Agency by design: Preserving user control in a post-interface world

For decades, new layers of abstraction have defined how users interact with technology. Programming languages abstracted away machine code. The command line gave way to the graphical user interface, then to the mobile app and the API. Each shift abstracted more complexity away from the user — but left the human firmly in the loop.

Agents represent a different level of abstraction: They don’t just abstract how tasks are done, they abstract who does them. In an agentic future, users will specify outcomes, not actions, and systems will determine how to achieve them. In crypto and fintech, agents can handle tasks like rebalancing portfolios autonomously, automating multi-step wallet transactions, and routing API calls across protocols  — all triggered by a single natural language instruction. It’s the first major leap where the interface between human intent and machine execution becomes probabilistic rather than deterministic. 
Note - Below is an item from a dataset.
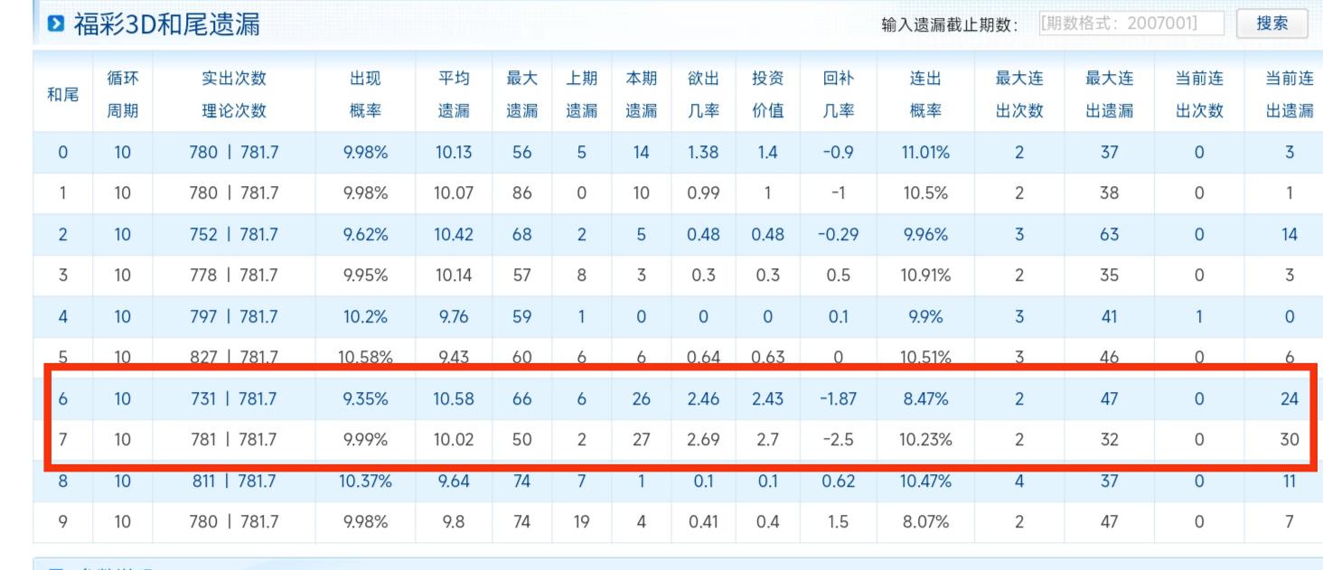 5.和尾遗漏情况:目前最大遗漏为7尾,遗漏为27期,历史最大遗漏为50期,平均遗漏10期。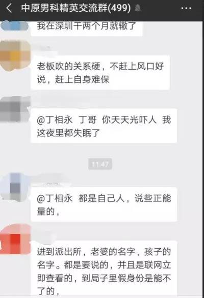 一個擁有499名成員的“中原男科精英交流羣”聊天截圖顯示,有人説:“老闆吹得關係硬,不趕上風口好説,趕上自身難保。”另一人接話説:“你天天光嚇人,我這夜裏都失眠了。”有人説:“套證的如果跑了,就沒事。”另一人説:“對,假名可以,真名的話,傳喚不到會通緝的。”還有人説:“過完這段,繼續努力。”另一人説:“就怕像查環保一樣,人家給我們打持久戰。”

In other words, outcomes will start to depend on the agent’s interpretation of user intent, not a predefined sequence of commands.  At the core, what changes is the user’s role: The user is no longer an operator, they’re an orchestrator. They set initial parameters, then step back as the system runs itself. The user’s role becomes supervisory, not interactive; unless they intervene, the default state is “on.” Agents take action on their behalf, often without additional prompts or approvals.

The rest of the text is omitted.